The Prince Street seawall – better known as The Wall – was considered to be indestructible when it was built between North Cronulla and Elouera beaches in 1985.
It replaced a previous concrete, perpendicular structure which was wrecked by a huge storm in 1974.
An earlier seawall had experienced the same fate.
The 1985 Leader report said, “It has taken 10 years to come up with a replacement wall which could stand up to all the sea could throw at it.
‘‘Sutherland Council engineers are convinced that the model they are building will do it.’’
The $1.7 million project involved the installation of 3500 hexagonal shaped concrete blocks, each weighing one tonne.
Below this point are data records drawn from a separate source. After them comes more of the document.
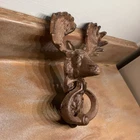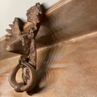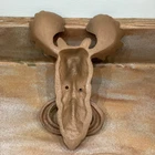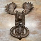Moose Head Knocker used and in good condition. 9”L x 6 1/2”W x 2 3/4”Depth(Moose head). Oval knocker is 4”W x 3”L. This is cast iron and weighs 2lbs 5oz. The color is brown.
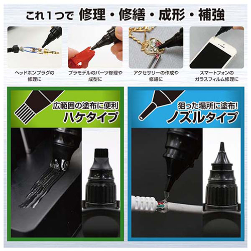 | 用途 | プラスチック・金属・木材・石・レンガ・ガラス・セラミックなどの修理・修繕・成形。 |
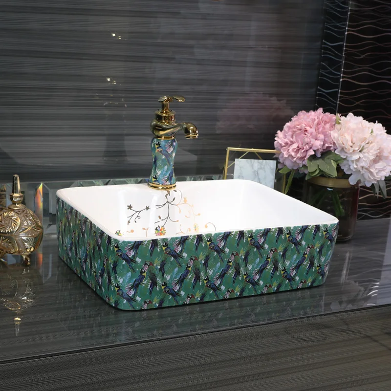 Modern Basin Sink Bowl Rectangular Ceramic Art Wash Basin Small
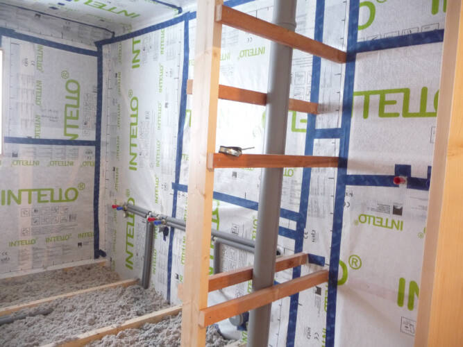 Výhodné je použití instalační předstěny. Po aplikaci rozvodů se dřevěný rošt nastříká izolací, která výrazně zlepší akustiku a zvýší tepelný odpor konstrukce. Pokud je předstěna v tloušťce do 6 cm, není nutné řešit parobrzdnou rovinu (dostačující je OSB deska v obvodové stěně)díky přirozené schopnosti celulózové izolace aktivně transportovat vlhkost.
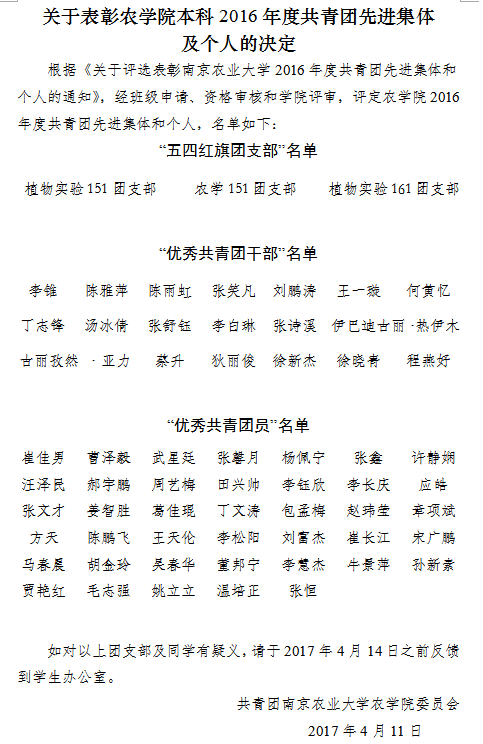 关于表彰DB彩票 本科2016年度共青团先进集体及个人的决定
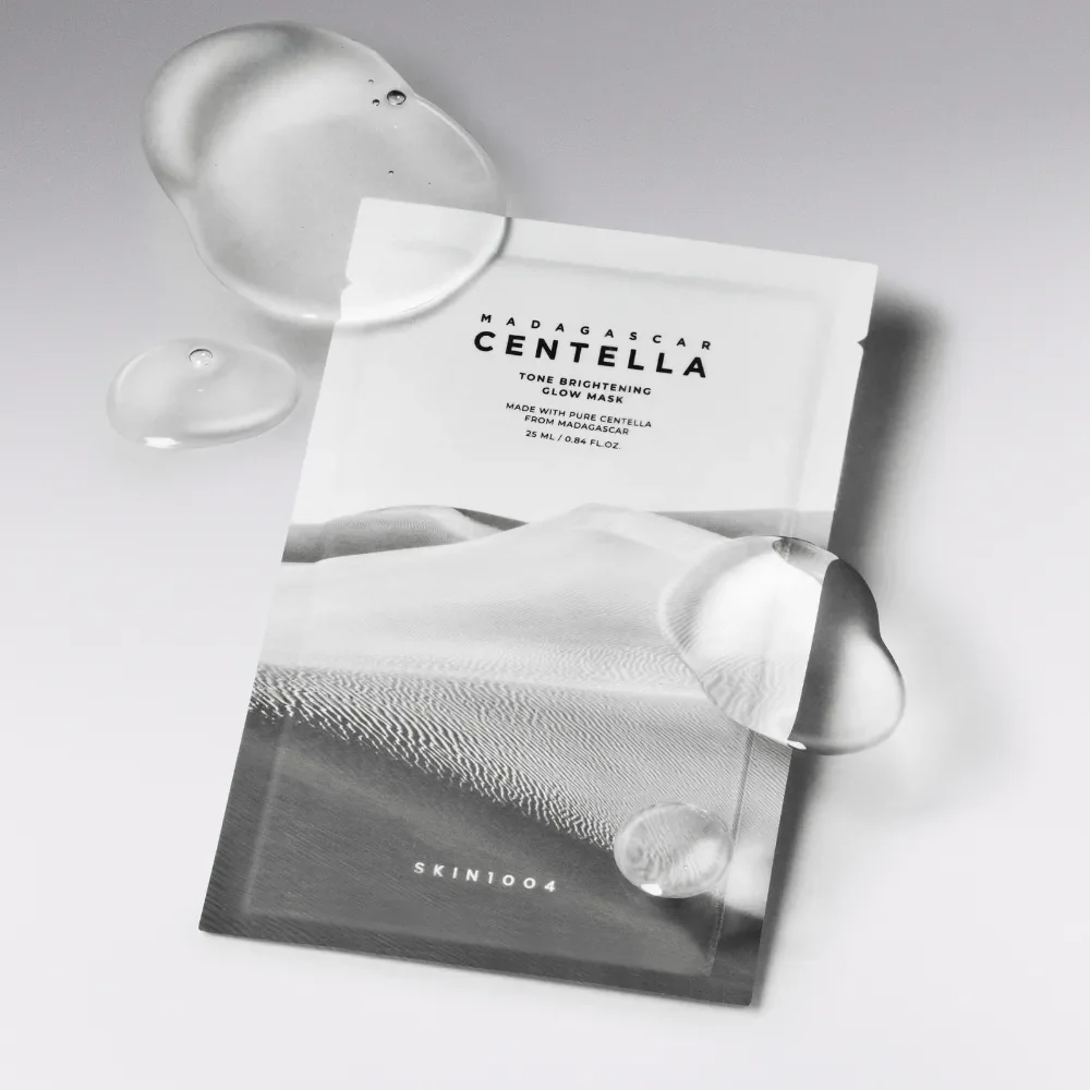 SKIN1004's Madagascar Centella Tone Brightening Glow Mask is a radiance-boosting sheet mask designed to hydrate and brighten dullness.
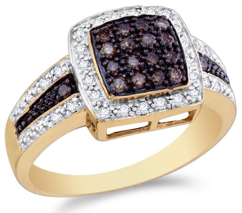 Cheap 14K Yellow and White Two Tone Gold White and Chocolate Brown Diamond Halo Engagement OR Fashion Right Hand Ring Band - Square Princess Shape Center Setting w/ Channel Set Round Diamonds - (1/2 cttw, G - H Color, SI2 Clarity) Review

They were supported by a flexible PVC mattress, covered by galvanised wire cages filled with rounded river cobbles.
However, in 2007, another big storm left the predictions...and the wall, in ruins.
This led to a reconstruction project, costing $4.6 million and marred by delays, a cost blowout and controversy over engineering aspects.
The new wall was completed in 2010, but it didn’t take long before defects started to appear.
A Sutherland Shire Council report in 2015 said repairs would cost $1 million.
Problems included erosion, gaps between contiguous piles, exposed concrete reinforcement and subsidence of the concrete units used in the construction of the sea wall.
Comments made by former councillor and state MP Maurie Keane after the 1974 storm are pertinent.
Mr Keane said the council was “contending with tremendous natural forces, and the time would come when the sea would reassert its superiority”.